# Flood and Beehives



## Durandal (Sep 5, 2007)

So, its been a while since I've posted anything here. Lurked a whole lot but been busy.

Thought I would share these.

I put some of my bees on pallets so I can move the easily off the flood plain. They are in a location that maybe floods every ten years. Flood was so fast I did not want to risk a tractor with a fork on it so we moved them by hand. Talk about pissed off bees.

I tried to explain to them that the move was better than freezing cold water but they did not listen. 
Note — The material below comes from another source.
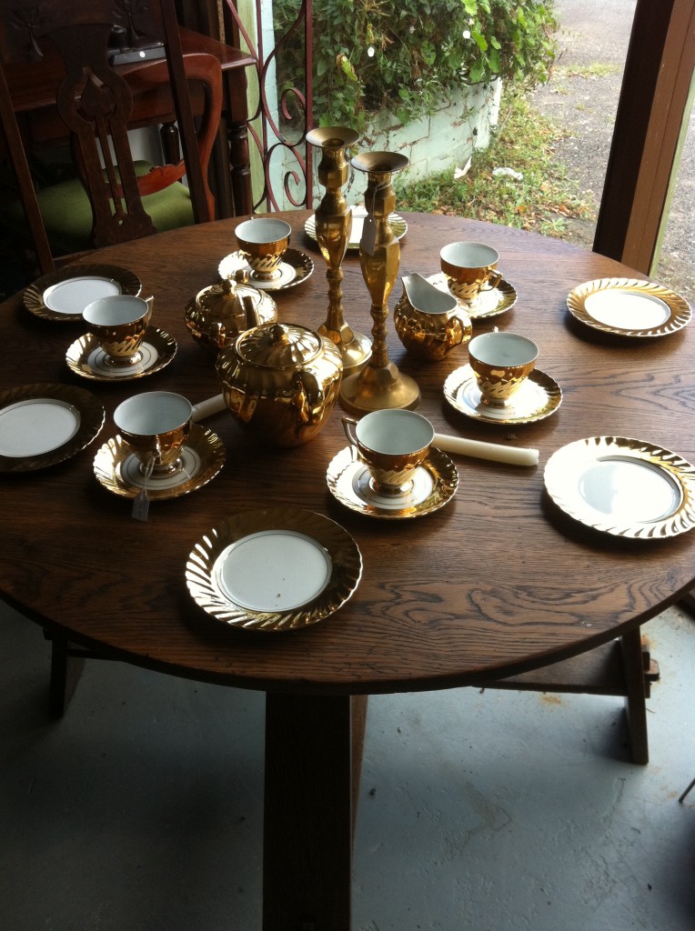 This gold teaset was $120. I liked the round oak table, too.
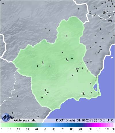 | Act. | Máx. | Mín. | Act. | Máx. | Mín. | Act. | Máx. | Mín. | Act. | Máx.  | Hoy | Año |  |  | Bullas - Rio Puente | 602 | 12,5 | 13,9 | 12,3 | 85 | 86 | 80 | 1.016 | 1.016 | 1.015 | - | 23 | - | 592,4 |  |  |  | Caravaca - La Encarnacion | 741 | 11,2 | 12,1 | 11,2 | 86 | 86 | 79 | 1.015 | 1.016 | 1.015 | 8 W | 18 | - | 463,8 |  |  |  | Cieza | 188 | 12,7 | 16,3 | 12,7 | 86 | 86 | 76 | 1.015 | 1.016 | 1.015 | 5 WNW | 15 | - | 217,0 |  |  |  | Ulea | 125 | 16,3 | 16,5 | 15,3 | 74 | 80 | 74 | 1.019 | 1.019 | 1.018 | 4 W | 14 | - | 324,6 |  |  |  | Puerto Lumbreras | 441 | 14,8 | 16,4 | 14,6 | 81 | 82 | 76 | 1.018 | 1.018 | 1.017 | 3 W | 13 | - | 318,2 |  |  |  | La Espada-Molina Segura | 194 | 15,3 | 17,1 | 14,9 | 74 | 80 | 74 | 1.014 | 1.015 | 1.014 | 5 NNW | 11 | - | 255,4 |  |  |  | Murcia - P.Tocinos | 43 | 16,4 | 18,5 | 16,4 | 86 | 87 | 82 | 1.015 | 1.016 | 1.015 | 4 SSW | 11 | - | 330,0 |  |  |  | Murcia - Centro | 70 | 16,4 | 18,8 | 16,3 | 84 | 86 | 81 | 1.016 | 1.016 | 1.015 | - | 10 | - | 395,2 |  |  |  | Murcia - Santa Cruz | 35 | 24,2 | 24,2 | 24,2 | 67 | 67 | 67 | x | x | x | 5 ESE | 10 | - | 283,5 |  |  |  | Santomera | 41 | 15,1 | 18,1 | 15,1 | 90 | 90 | 84 | 1.016 | 1.016 | 1.016 | - | 10 | - | 259,6 |  |  |  | Cieza - San Jose Obrero | 188 | 12,7 | 14,8 | 12,6 | 90 | 91 | 87 | 1.017 | 1.017 | 1.017 | 3 NNE | 9 | - | 249,5 |  |  |  | Jumilla | 520 | 11,8 | 15,0 | 11,8 | 79 | 83 | 73 | 1.016 | 1.016 | 1.016 | - | 8 | - | 191,4 |  |  |  | La Manga del Mar Menor | 3 | 17,4 | 18,9 | 17,4 | 94 | 95 | 93 | 1.021 | 1.021 | 1.021 | 3 W | 8 | - | 285,2 |  |  |  | Lorca - Cazalla | 307 | 13,2 | 16,5 | 13,2 | 92 | 93 | 88 | 1.016 | 1.016 | 1.016 | - | 8 | - | 312,6 |  |  |  | Cartagena | 39 | 15,1 | 17,3 | 14,9 | 93 | 93 | 85 | 1.017 | 1.017 | 1.016 | - | 7 | - | 354,1 |  |  |  | Lo Pagan-S. Pedro Pinatar | 13 | 17,2 | 17,3 | 16,8 | 92 | 92 | 88 | 1.020 | 1.021 | 1.020 | 6 NW | 7 | - | 360,9 |  |  |  | Archena | 120 | 15,2 | 17,3 | 14,8 | 86 | 88 | 84 | 1.016 | 1.016 | 1.016 | 2 W | 6 | - | 321,1 |  |  |  | Cartagena-Pol. Santa Ana | 51 | 15,8 | 16,6 | 15,7 | 87 | 87 | 83 | 1.015 | 1.015 | 1.014 | 2 WNW | 6 | - | 397,2 |  |  |  | Cehegin - P. La Pollera | 595 | 10,8 | 13,8 | 10,8 | 88 | 88 | 80 | 1.016 | 1.017 | 1.016 | - | 6 | - | 638,4 |  |  |  | Canteras-Cañadas S. Pedro | 137 | 13,6 | 14,8 | 13,3 | 100 | 100 | 95 | 1.017 | 1.018 | 1.017 | - | 5 | - | 411,4 |  |  |  | Cartagena-Avda. Nueva CT | 33 | 16,2 | 17,0 | 15,5 | 90 | 90 | 89 | 1.017 | 1.017 | 1.016 | 4 NNW | 5 | - | 338,3 |  |  |  | Cartagena-U.Mediterraneo | 26 | 16,9 | 17,7 | 16,1 | 86 | 87 | 85 | 1.016 | 1.016 | 1.016 | 2 N | 5 | - | 368,4 |  |  |  | Lorca - LasViñas | 356 | 11,6 | 14,0 | 11,6 | 92 | 92 | 91 | 1.016 | 1.017 | 1.016 | - | 5 | - | 434,4 |  |  |  | Murcia - San Antón | 42 | 15,5 | 17,6 | 15,5 | 90 | 92 | 88 | 1.016 | 1.016 | 1.015 | - | 5 | - | 368,2 |  |  |  | Cartagena - Los Barreros | 42 | 16,3 | 17,6 | 15,9 | 94 | 94 | 91 | 1.016 | 1.016 | 1.016 | 1 E | 4 | - | 374,2 |  |  |  | Cartagena-Mol.Marfagones | 69 | 15,5 | 16,9 | 15,1 | 92 | 92 | 84 | 1.019 | 1.019 | 1.018 | - | 4 | x | x |  |  |  | El Algar | 52 | 15,2 | 17,1 | 15,2 | 94 | 94 | 92 | 1.020 | 1.020 | 1.019 | - | 4 | - | 359,1 |  |  |  | Lorca - Torrecilla | 307 | 12,3 | 14,5 | 12,1 | 97 | 97 | 94 | 1.020 | 1.021 | 1.020 | 1 NNE | 4 | - | 366,3 |  |  |  | Murcia - B.º del Progreso | 46 | 14,7 | 17,0 | 14,7 | 95 | 95 | 90 | 1.017 | 1.017 | 1.016 | - | 4 | - | 364,7 |  |  |  | S. El Mayor/San PIO X | 55 | 15,5 | 17,9 | 15,5 | 87 | 87 | 81 | 1.017 | 1.017 | 1.016 | 3 SW | 4 | - | 198,1 |  |  |  | Murcia - Torreguil | 218 | 14,8 | 16,4 | 14,8 | 96 | 97 | 91 | 1.018 | 1.018 | 1.017 | - | 2 | - | 460,8 |  |  |  | Alquerias - Los Ramos | 42 | 14,6 | 16,7 | 14,6 | 85 | 86 | 82 | 1.015 | 1.015 | 1.015 | - | 0 | - | 249,0 |  |  |  | Dolores (Torre Pacheco) | 40 | 15,4 | 16,2 | 15,3 | 97 | 97 | 94 | 1.014 | 1.014 | 1.013 | - | 0 | - | 357,9 |  |  |  | Santomera - La Almazara | 104 | 13,4 | 15,7 | 13,1 | 93 | 93 | 89 | 1.015 | 1.016 | 1.015 | x | x | - | 194,2 |  |

The bees were drive two hours prior to this photo. Water came up that fast. There were 8 full colonies in deeps and double deeps and 4 empty boxes (those were the last to be moved in the deepest water and nearly floated off).


----------



## Durandal (Sep 5, 2007)

The next day...two feet higher.


----------



## hipbee (Sep 11, 2009)

how deeps the water momma? three feet high and risen
how deeps the water papa? she said its three feet high and risen
well my hives are gone, I lost my bees, the chickens are sleeping in the willow trees, cows in water up past there nees, three feet high and risin.


----------



## yem (Jan 19, 2010)

I love me some Cash! I just moved my hives last week up on the back deck of my house for fear of a flood. It was a good workout to say the least!


----------